Skip to content

Latest commit

 

History

History
249 lines (169 loc) · 15.3 KB

README.md

File metadata and controls

249 lines (169 loc) · 15.3 KB

MapReduce Laboratory

In this laboratory students will learn how to use the Hadoop client API by working on a series of exercises:

  • The classic Word Count and variations on the theme
  • Design Pattern: Pair and Stripes
  • Design Pattern: Order Inversion
  • Join implementations

Note that the two design patterns outlined above have been originally discussed in:

  • Jimmy Lin, Chris Dyer, Data-Intensive Text Processing with MapReduce, Morgan Claypool ed. link

Setup the laboratory sources in Eclipse:

The first step is to create a new Java Project in Eclipse:

  • Inside Eclipse select the menu item File > New > Project ... to open the New Project wizard.
  • Select Java Project then click Next to start the New Java Project
  • Type a name for your new project, such as ''mr-lab''
  • Ensure to use JavaSE-1.6 as JRE, then click on Next
  • Go on Libraries tab, and click on Add External Jars
  • Add the following jars:
  • /usr/lib/hadoop/hadoop-common.jar
  • /usr/lib/hadoop-0.20-mapreduce/hadoop-core.jar
  • /usr/lib/hadoop-hdfs/hadoop-hdfs.jar
  • Click on Finish

Now you have a new project.

The next step is to import the source files to complete in the Project.

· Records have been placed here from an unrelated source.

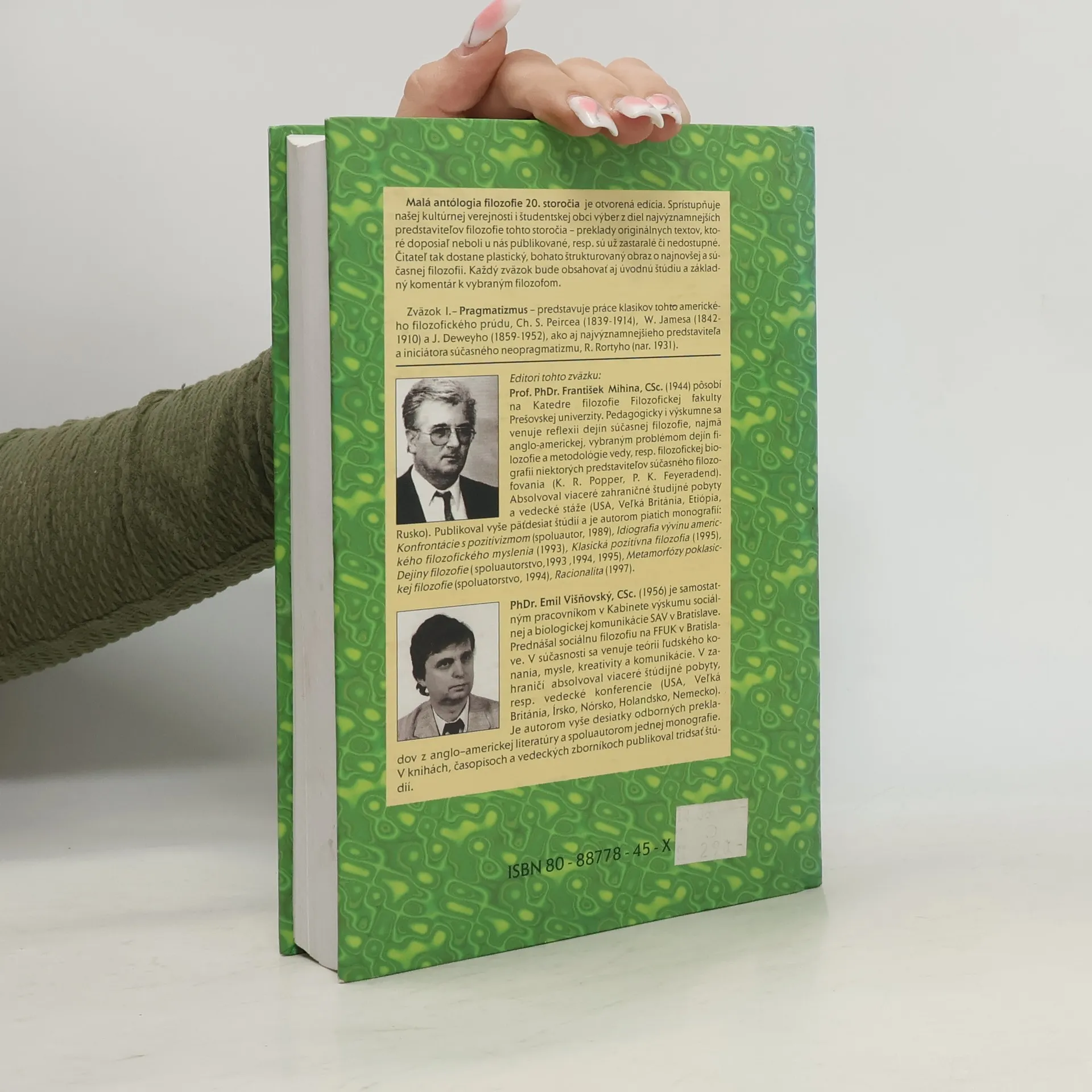Obsah: Predhovor k Malej antológii filozofie 20. storočia (František Mihina - Emil Višňovský) PRAGMATIZMUS VČERA A DNES (Emil Višňovský — František Mihina) Klasický pragmatizmus CHARLES SANDERS PEIRCE (František Mihina) — Upevňovanie viery — Ako vyjasniť naše idey — Princípy fenomenológie — Základy pragmatizmu — Logika ako semiotika: teória znakov — Filozofia a vedy: klasifikácia — Uniformita WILLIAM JAMES (František Mihina) — Prúd myslenia — Existuje „vedomie“? — Radikálny empirizmus — Pragmatizmus a radikálny empirizmus — Pragmatizmus a zdravý rozum — Pragmatistická koncepcia pravdy — Pragmatistický výklad pravdy a jeho nesprávne pochopenia — Pragmatizmus a humanizmus — Pragmatizmus a náboženstvo — Vôľa veriť JOHN DEWEY (Emil Višňovský) — Prečo študovať filozofiu? — Filozofia a americký národný život — Vplyv darvinizmu na filozofiu — Vplyv pragmatizmu na výchovu — Filozofia výchovy — Potreba obnovy filozofie — Skúsenosť a filozofická metóda — Súkromné a verejné — Indivíduum v kultúrnej kríze — Únik z ohrozenia — Model skúmania — Budúcnosť filozofie v nalej ére vedy (Jej rola nikdy nebola väčšia) Neopragmatizmus RICHARD RORTY (Emil Višňovský) — Čo je pragmatizmus — Pragmatizmus a filozofia — Pragmatizmus je politický skrz-naskrz Vybraná bibliografia k štúdiu filozofie pragmatizmu Edičná poznámka Menný register... celý text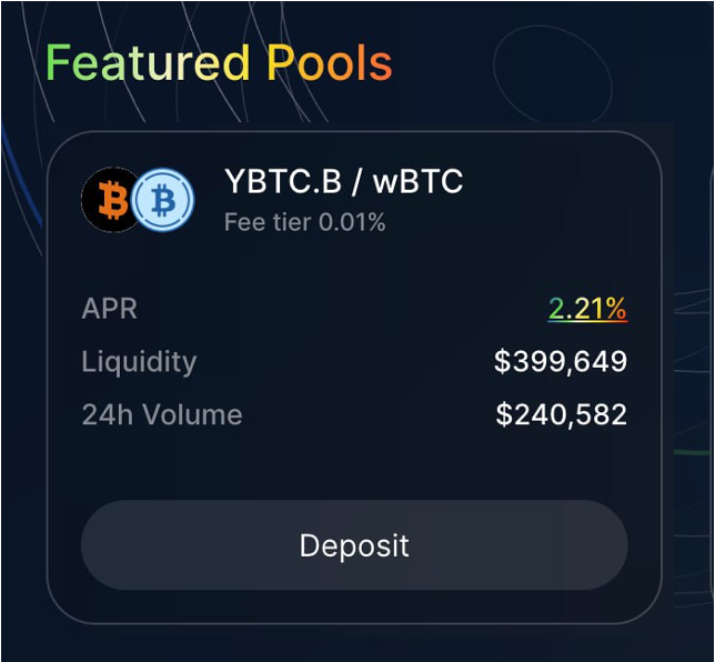 • YBTC.B Liquidity Boost on Sui Network: The YBTC.B/wBTC pair was prominently featured on Turbos Finance’s Featured Pools, offering ~2.24% APR with approximately $394K in liquidity and $240K in 24-hour trading volume. This integration supports secure liquidity provision and rewards for BTC holders participating in programmable yields.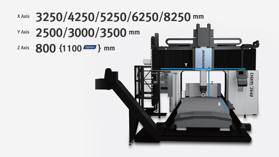 The DBM U is a multi-purpose, double-column machining center that can perform 5-axis machining with the attachment of a universal head. It has a powerful spindle of over 1000Nm, a ram-type structure with an eight-sided support structure, and a double ball screw, which make it suitable for diverse machining applications. Moreover, to enhance precision, it incorporates a ball screw support bearing cooling system and adopts thermal deformation compensation as a standard, making it suitable for high-precision machining.

  • Inside Eclipse, select the src directory in your project.
  • Right-click on the src directory and select Import
  • Select File System then click Next
  • In From Directory, select ./mr/src/fr, which is inside the directory where you cloned the git repository
  • In the tree on the left, select fr, then click Finish.

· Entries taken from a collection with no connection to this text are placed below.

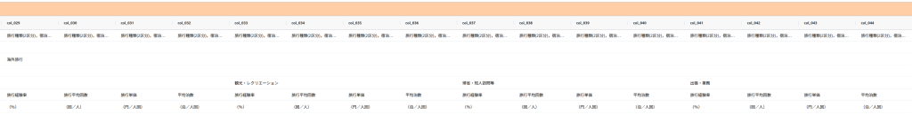 - 最初の部分がブランクになっているが、おそらく「旅行の種類」全体の値だと思われる。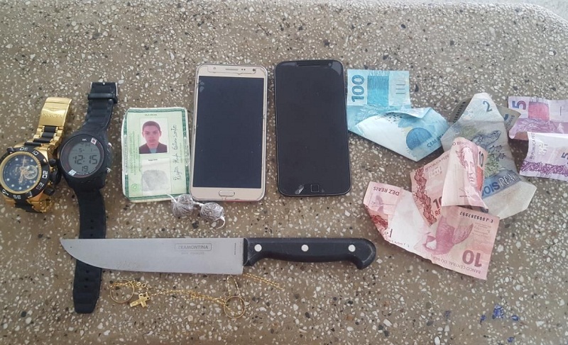 O criminoso subtraiu dinheiro e outros pertences da vítima, e ao pedir o aparelho celular, e com a possível demora na entrega o criminoso desferiu 2 golpes com a faca contra a vítima.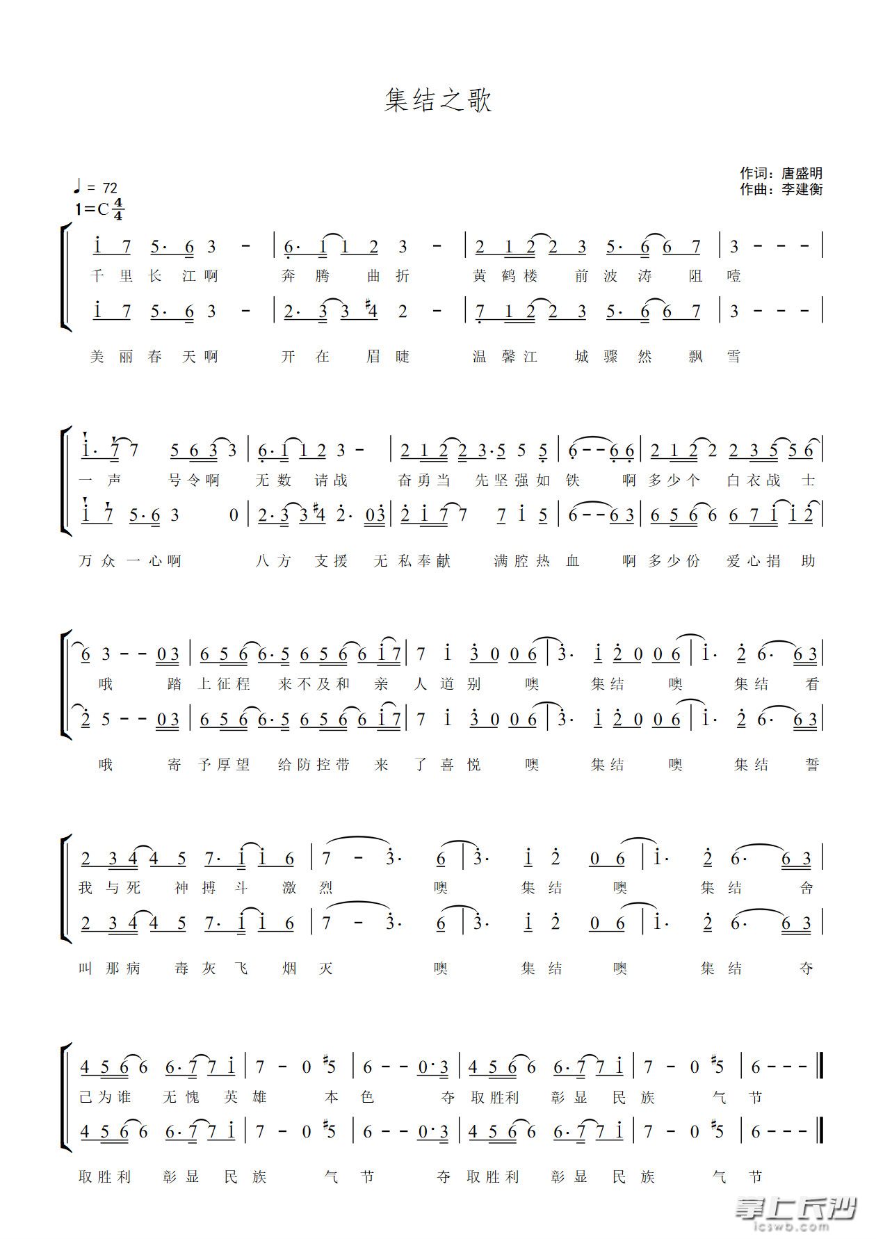 “千里长江啊,奔腾曲折;黄鹤楼前波涛阻噎。一声号令,无数请战……踏上征程,来不及和亲人道别,集结!集结!舍己为谁,无愧英雄本色”。集结,出发!奋战,坚守!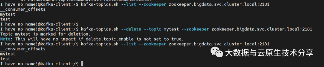 $ kafka-topics.sh --delete --topic mytest --zookeeper zookeeper.bigdata.svc.cluster.local:2181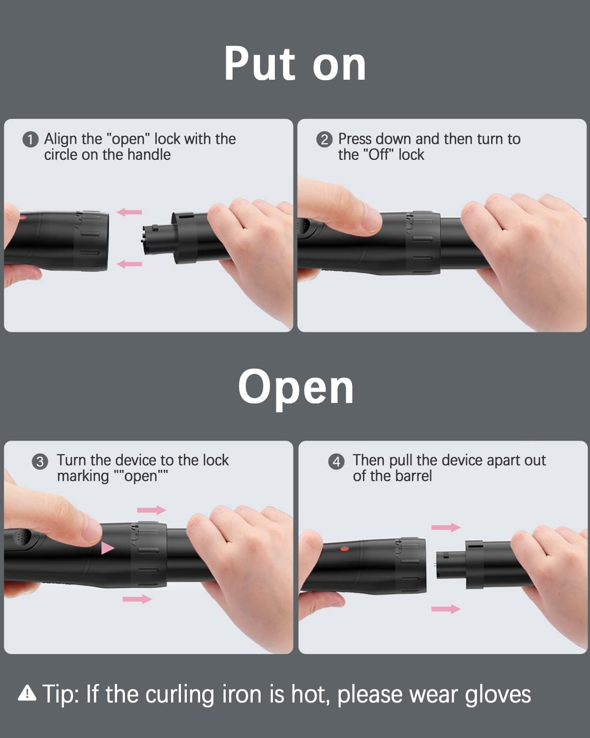 Tip: If the curling iron is hot, please wear gloves

At this point you should have a java project named mapred-lab already configured. The next step is starting with the first exercise. Note that there can be errors in the source code you imported. This is normal, since there are incompleted source files that will be corrected in the exercises.

How to launch a job

In order to launch a job, you need first to export a JAR file. Therefore, from Eclipse:

  • Select the menu item File > Export
  • Type JAR, select JAR file and click on Next
  • In the textbox Select the export destination, type the name of the new JAR you want to export, i.e. '/home/student/mrlab.jar'
  • Type Finish

Once you have exported your jar file, you can run your code using the local version of Hadoop. Open a terminal, and type:

hadoop jar <jarname.jar> <fully.qualified.class.Name> <Parameters>

For example, for running the WordCount exercise, type:

hadoop jar mrlab.jar fr.eurecom.dsg.mapreduce.WordCount 2 INPUT/text/quote.txt OUTPUT/wordcount/

Note that you need to specify a non existing output directory, or to delete it before running the job.

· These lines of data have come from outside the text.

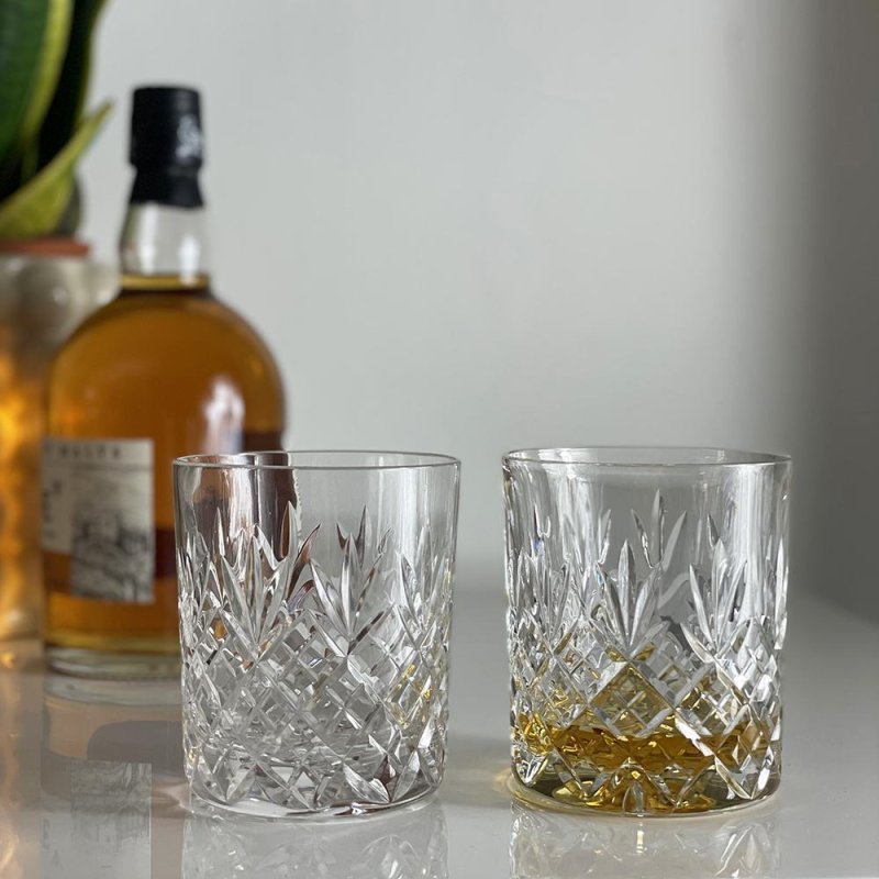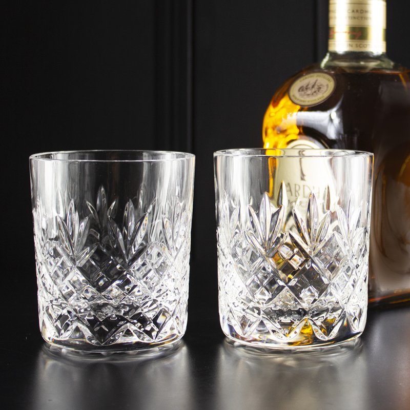 Royal Scot Edinburgh Crystal | Large Tumbler | Box of 2 | Personalised Box Inspired by the timeless elegance of Scotland's capital, these Edinburgh Large Crystal Tumblers are a stunning and practical addition to any drinks collection. Each tumbler is meticulously hand-cut with the iconic Edinburgh pattern, a design renowned for its depth and brilliance. This intricate pattern features a timeless combination of deep diamond cuts accented by elegant fan cuts that beautifully catches and refracts light. This detailing creates a dazzling sparkle, showcasing the artistry and exceptional skill of fine crystal cutting. The tumblers are crafted with a generous, comfortable shape and a heavy, solid base for superior stability. The generous size and comfortable weight make these tumblers supremely versatile. They are perfect for enjoying neat spirits, serving whisky on the rocks, or accommodating a large and refreshing Gin and Tonic or other long drinks. The heavy base and robust design enhance the ritual of drinking, ensuring a luxurious feel in the hand and adding a touch of classic Scottish sophistication to any occasion. The Edinburgh Crystal Large Tumbler is available individually, in pairs and in sets of four and six. Supplied in a luxurious, silk lined presentation box with gold foil blocking. Dimensions: Height: 95mm | 3.75 inches Diameter at top: 84mm | 3.3 inches Capacity: 33cl | 11oz
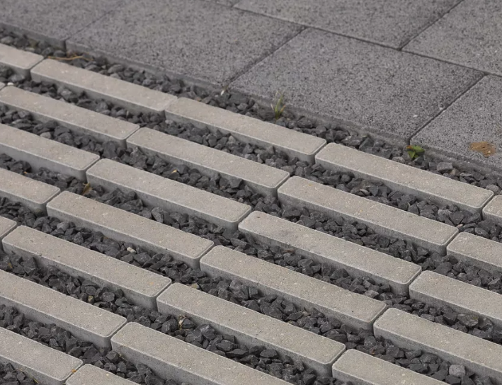 Dalles ou pavés à joints très larges. Ils facilitent la pénétration de l'eau de pluie dans le sol.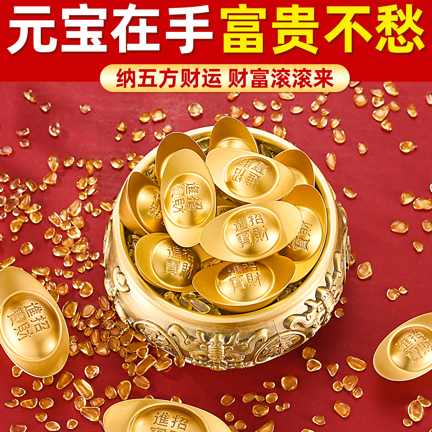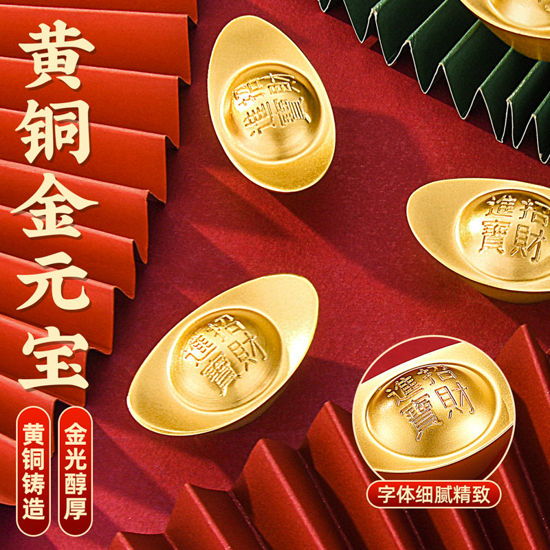 黄铜实心元宝摆件仿真金元宝招财一锭发财聚宝盆装饰乔迁开业礼品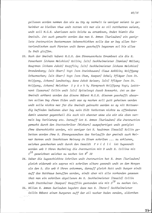 Bericht über den Streit (Libellhandel) zwischen der Stadt Zug und dem Äusseren Amt wegen des Beisitzes der Stadt Zug an der Jahrrechnung in Baden

Web interfaces: monitor job progress

Hadoop publishes some web interfaces that display JobTracker and HDFS statuses. You can access them using the following links:

Exercises

Note, exercises are organized in ascending order of difficulty.

EXERCISE 1:: Word Count

Count the occurrences of each word in a text file. This is the simplest example of MapReduce job: in the following we illustrate three possible implementations.

  • Basic: the map method emits 1 for each word. The reduce aggregates the ones it receives from mappers for each key it is responsible for and save on disk (HDFS) the result
  • In-Memory Combiner: instead of emitting 1 for each encountered word, the map method (partially) aggregates the ones and emit the result for each word
  • Combiner: the same as In-Memory Combiner but using the MapReduce Combiner class

Instructions

For the basic version the student has to modify the file WordCount.java in the package fr.eurecom.dsg.mapreduce. The user must operate on each TODO filling the gaps with code, following the description associated to each TODO. The package java.util contains a class StringTokenizer that can be used to tokenize the text.

For the In-Memory Combiner and the Combiner the student has to modify WordCountIMC.java and WordCountCombiner.java in the same package referenced aboce. The student has to operate on each TODO using the same code of the basic word count example except for the TODOs marked with a star *. Those must be completed with using the appropriate design pattern.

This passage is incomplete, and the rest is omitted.